Barbara had given birth to another child—this time a daughter whom she named Charlotte. She declared she was the King’s child, and this time the King was too immersed in matters of state to deny this.
By March it was necessary to declare war on Holland, and the whole country was wild with excitement. The City of London built a man-of-war which they called Loyal London; and the Duke of York took command of the Fleet.
The spring came, warm and welcome after the long, hard winter, and all at home waited news of the encounter between the Dutch and English navies. In London the gunfire out at sea could be heard, and the nation was tense yet very confident. They did not know that the money voted by Parliament for the conduct of the war—a sum which seemed vast to them—was inadequate. There was one man who knew this and suffered acute anxiety. This was the King; he knew the state of the country’s finances; he knew that he could not go on indefinitely subscribing to the maintenance of the Fleet in war out of his inadequate allowance; he knew that the Dutch were wealthier than the English, and that they were as worthy seamen.
When the news came of the victory over the Dutch, when the bells of the city pealed out and the citizens ran into the streets to snatch up anything that would make a bonfire, the King was less inclined to gaiety than any; he had heard news that Berkeley—recently become the Earl of Falmouth—had perished in the battle. He had known Berkeley, well, and he guessed that he would be but one of many to suffer if the war continued.
Then in the streets of London there appeared a more cruel enemy than the Dutch.
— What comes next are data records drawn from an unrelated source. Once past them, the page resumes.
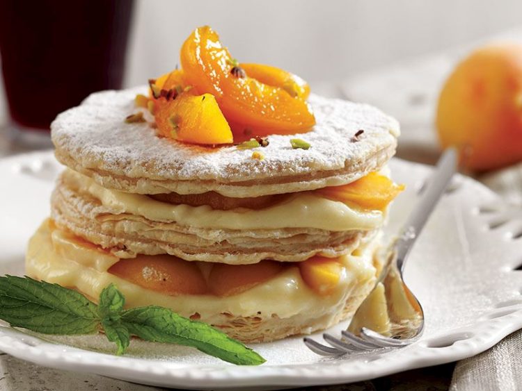 8. Milföylerin arasına krema sürüp ince dilimlenmiş kayısıları yerleştirerek 3 kat olacak şekilde üst üste dizin..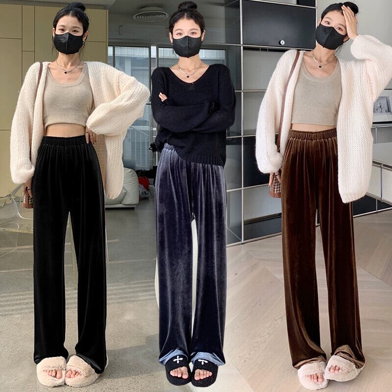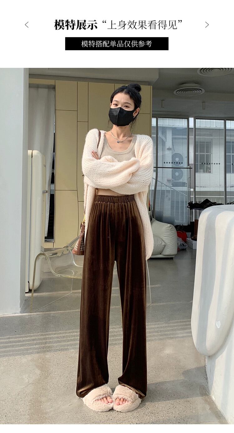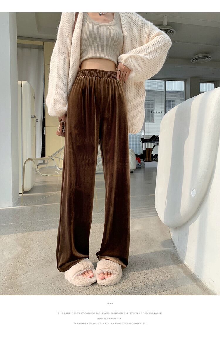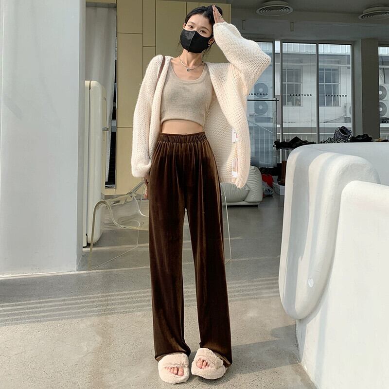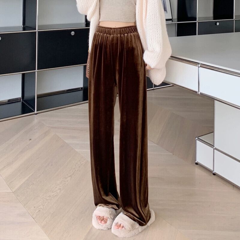ブラウンベルベットワイドレッグパンツ女性 2023 新しい秋と冬のドレープフロアレングスパンツルーズ痩身ストレートカジュアルパンツ女性 オータム 秋物 ウィンター 冬物 7460042212187641 | framboise21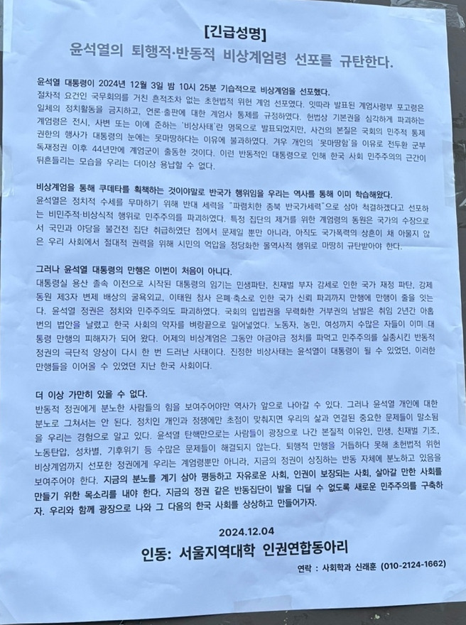 서울지역대학 인권연합동아리(이하 ‘인동’)은 「윤석열의 퇴행적, 반동적 비상계엄령 선포를 규탄한다.」라는 제목의 긴급 성명을 게재했다. 12월 3일 밤 윤석열 대통령이 선포한 비상계엄령이 쿠데타와 같은 반국가 행위라는 점, 윤석열 대통령의 만행이 이번이 처음이 아니라는 점을 언급하고 있다. '인동'은 이를 바탕으로 새로운 민주주의를 구축하기 위해 동국대학교 및 서울 지역 대학생들에게 연대를 요구하고 있다.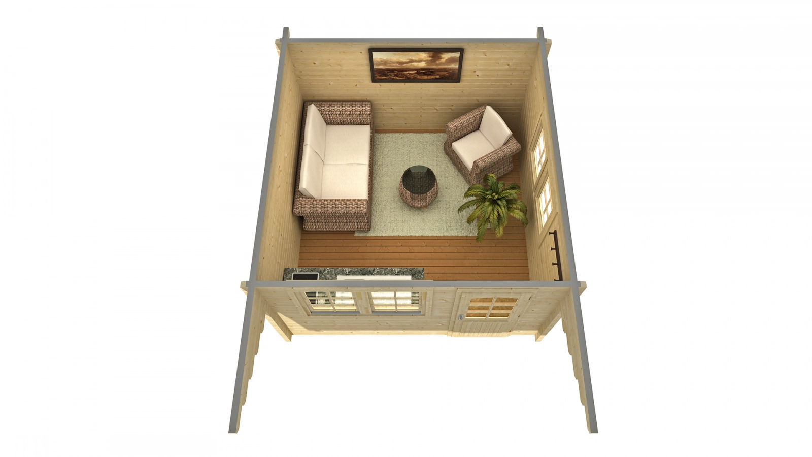 • Sprawdzi się jako niewielki domek letniskowy lub jako domek dla gości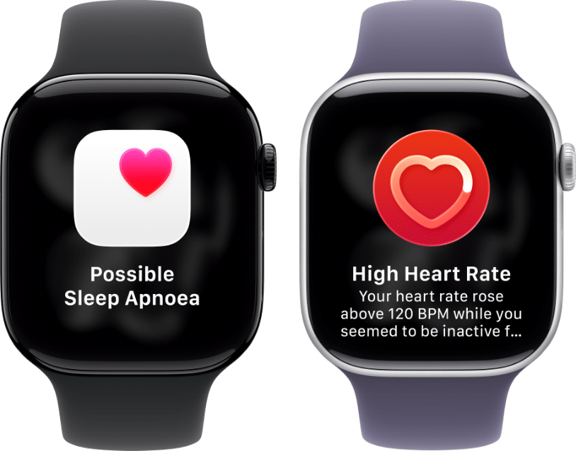 Sleep Apnoea Notifications: Sleep apnoea notifications are available on Apple Watch Series 9 and later, Ultra 2 and later, and SE 3. The feature is intended to detect signs of moderate to severe sleep apnoea for people 18 years old or older without a diagnosis of sleep apnoea.

In that warm April a man, coming from St. Paul’s into Cheapside, was overcome by his sickness, and lay down on the cobbles since he could go no farther. Shivering and delirious, he lay there, and in the morning he was dead; and those who approached him saw on his breast the dreaded macula and, shuddering, ran from him. But by that time others were falling to the pestilence. From the Strand to Aldgate men and women on their ordinary business would stagger and hurry blindly to their homes. Some of those stricken in the streets could go no farther; they lay down and died.
The plague had come to London.
Who could now rejoice wholeheartedly? It was true that the English had taken eighteen capital ships from the Dutch off Harwich, and had destroyed another fourteen. It was known that Admiral Obdam had been blown up with his crew and would no longer worry the English. And all this had been achieved for the loss of one ship. It was true that many good sailors had been lost—Falmouth among them—with Marlborough and Portland and the Admirals Hawson and Sampson.
But the plague was on the increase, and its effect was already being severely felt in London. The weather was hotter than usual after the bleak winter. Stench rose from the gutters; refuse was emptied from windows by people who could not leave their houses since they kept a plague victim there. Men and women were dying in the streets. It was dangerous to give succor to any who fell fainting by the roadside. All indisposition was suspect. Many were frightened into infection in that plague- and fear-ridden atmosphere. Death was in the fetid air and terror stalked the streets.
The river was congested with barges carrying away from the City those who were fortunate enough to be able to leave the plague spots.
The Court had retired, first to Hampton, and then, when the plague stretched its greedy maw beyond the metropolis, farther afield to Salisbury.
Albemarle took command of London and, with the resourcefulness of a great general, made plans for taking care of the infected and avoiding the spread of the plague. He arranged that outlying parishes should be ready to take in all those who could arrive uninfected from the city.
London continued to suffer in the heat.